Thank you very much for joining us. I'm sure that all jurisdictions take a look at how their services are functioning and where they can make improvements, or how they compare and so on. We really appreciate that and we're glad that we could hook up tonight.

We're not quite sure how much longer we have for this study and how long we're going to be here as the session more or less winds down, but the fact that we have a full complement tonight is a good sign.

We will ask you to make your opening comments. I understand that we have you for about an hour. Is that correct?

6:30 p.m.

Deputy President, Repatriation Commission, Department of Veterans' Affairs Australia

Shane Carmody

That's correct, yes.

6:30 p.m.

Conservative

The Chair Conservative Greg Kerr

Thank you for that.

We will then go to questions from the committee members within the time we have.

Again, thank you for joining us. Are you all speaking, and in any particular order?

6:30 p.m.

Deputy President, Repatriation Commission, Department of Veterans' Affairs Australia

Shane Carmody

Chair, I will start.

6:30 p.m.

Conservative

The Chair Conservative Greg Kerr

Perfect.

Mr. Carmody, if you would, please.

6:30 p.m.

Deputy President, Repatriation Commission, Department of Veterans' Affairs Australia

Shane Carmody

Thank you, Chair.

It's always a pleasure to speak to our Canadian colleagues. We have here in Australia an excellent relationship with Veterans Affairs Canada.

I thought that providing some background about us might help. We currently provide support to about 320,000 veterans. We provide a wide range of services to those veterans, and we hope to spend an hour covering some of those for you today.

I have two of my division heads within the organization here with me. On my right is Mr. Bayles, who is the head of our rehabilitation and support division, which looks after the rehabilitation, compensation, and income support side of the Department of Veterans' Affairs. We spend more than $6 billion Australian a year in this division.

On my left is Ms. Judy Daniel, who is the division head of our health and community services division, which looks after much of the health care side of our organization. In that organization, too, we spend almost $6 billion a year.

These are the two experts running the two largest parts of our business, so I thought what I would do, given the time available, is to leave it to them to briefly introduce themselves, and then go straight to questions.

6:30 p.m.

Conservative

The Chair Conservative Greg Kerr

Thank you.

6:30 p.m.

Neil Bayles Acting First Assistant Secretary, Rehabilitation and Support Division, Department of Veterans' Affairs Australia

My name is Neil Bayles and I am acting first assistant secretary, rehabilitation and support.

My division looks after three main programs: compensation, income support and rehabilitation. Income support is a form of a pension that's paid to veterans and their partners, very similar to a social security pension. It's a significant component of the $6 billion that is spent in my division. It's about $3 billion per annum.

Compensation benefits are essentially compensation for injury, disease, or death related to service in the military. We pay two main types of compensation: payment to the veteran for injury or disease related to service, and we also provide compensation to widows and other dependants where the member's death is related to service.

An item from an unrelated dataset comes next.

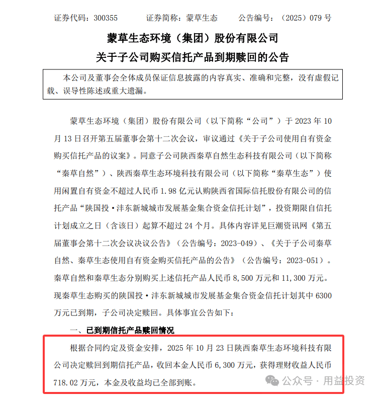 2025年10月23日,蒙草生态环境(集团)股份有限公司(下称“蒙草生态”或“公司”)发布公告称,其控股子公司陕西秦草生态环境科技有限公司(以下简称“秦草生态”)已完成一笔信托产品的到期赎回,收回本金人民币6300万元,获得理财收益人民币718.02万元,本金及收益均已全部到账。

The third type of main payment that we make is for rehabilitation. We have a number of rehabilitation programs that aim to restore veterans who have been injured or have a disease related to service. We have several components of that rehabilitation to try to get the veteran back to some level of functioning in the world through medical, social, and vocational rehabilitation.

I think that'll do for me for the moment.

6:35 p.m.

Deputy President, Repatriation Commission, Department of Veterans' Affairs Australia

6:35 p.m.

Judith Daniel First Assistant Secretary, Health and Community Services Division, Department of Veterans' Affairs Australia

Thank you.

I'm Judy Daniel, first assistant secretary, health and community services division. In the Australian context we are probably the largest single purchaser of health services in Australia. We purchase the full range of health services for our veteran and war-widowed clients from the mainstream health system.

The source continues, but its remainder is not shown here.